Vaccination against IAV has historically involved immunization with whole virus, either inactivated or attenuated, with the primary intent of generating neutralizing antibodies. Intramuscular injection of inactivated IAV has been shown to elicit a particularly poor CD8+ T cell response84. In a comparison of a live attenuated and an inactivated influenza vaccine, intranasal delivery of the live attenuated vaccine generated both neutralizing antibodies and lung TRM cells80. Intraperitoneal or subcutaneous delivery of the inactivated vaccine generated neutralizing antibodies, but not lung TRM cells. Neither systemic (intraperitoneal) administration of the live attenuated vaccine nor intranasal delivery of the inactivated IAV vaccine elicited a measurable TRM cell response, suggesting a requirement for both the route of vaccine administration and a live attenuated formulation to generate a robust TRM cell response. Mucosal vaccines have been recently reviewed (see refs. 85,86). Briefly, emerging data suggest that mucosal vaccination against respiratory pathogens can elicit tissue immunity and prevent or eliminate infection at the site of entry. This is in comparison with current intramuscular SARS-CoV-2 vaccines, which prevent severe illness and mortality but lack substantial efficacy in preventing upper respiratory infection and viral transmission.
In mouse and hamster studies, a CpG-adjuvanted, recombinant SARS-CoV-2 vaccine targeting the Omicron Spike protein was administered via the intramuscular and intranasal routes87. Intranasal vaccination was superior in producing cross-neutralizing antibodies and promoted more rapid clearance of virus following Omicron challenge.
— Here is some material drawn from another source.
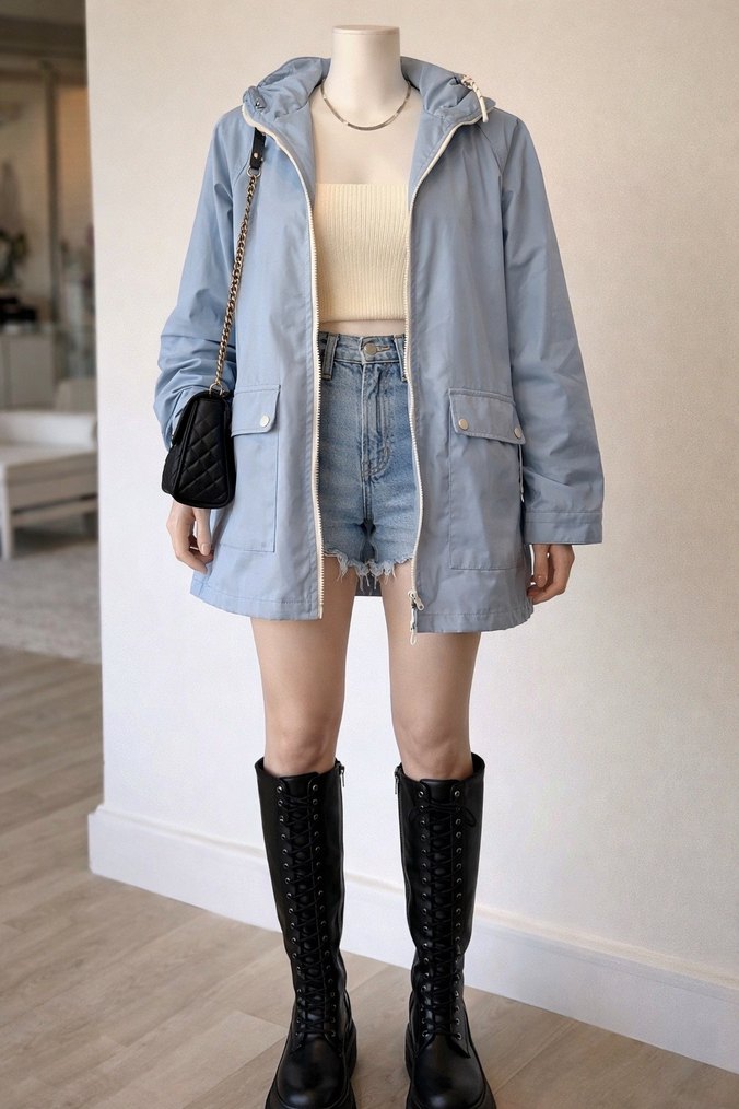 Pastel mavi renkte, bol kesim ve yüksek yakalı midi boy denim ceket, günlük rahat ve şık stil için uygundur. Desensiz ve sade tasarıma sahiptir. Çok minim sarımsı bir leke vardır hemen fermuarın orada ama fotoğrafta belli olmuyor. Kuru temizlemeyle gidebilir. Çok minik deformelere sahiptir. Onları da çektim.

The intranasal route elicited a T helper 1 cell (TH1 cell)-biased Spike-specific CD4+ and CD8+ splenic T cell response that was cross-reactive (to pre-Omicron variants) and likely contributed to vaccine-mediated protection.
Humoral and cellular responses were assessed in a mouse model comparing intramuscular and intranasal administration of a chimpanzee adenoviral vector vaccine targeting the SARS-CoV-2 Spike protein88. Although both routes of administration resulted in comparable serum-neutralizing antibody titres, a single intranasal dose generated superior immune protection against SARS-CoV-2 challenge compared with a two-dose regimen given intramuscularly. Furthermore, a single intranasal immunization prevented both upper and lower respiratory tract infection by SARS-CoV-2. Following intranasal, but not intramuscular, immunization, CD103+CD69+ T cells were present in the lung, likely representing TRM cells. The authors suggested that the superior protection conferred by the intranasal route was due to the mucosal immune response generated following intranasal vaccination and pointed to the potential value of strategies to discern which elements of the immune response contributed to protection (for example, B cell and T cell depletion, passive transfer or parabiosis experiments).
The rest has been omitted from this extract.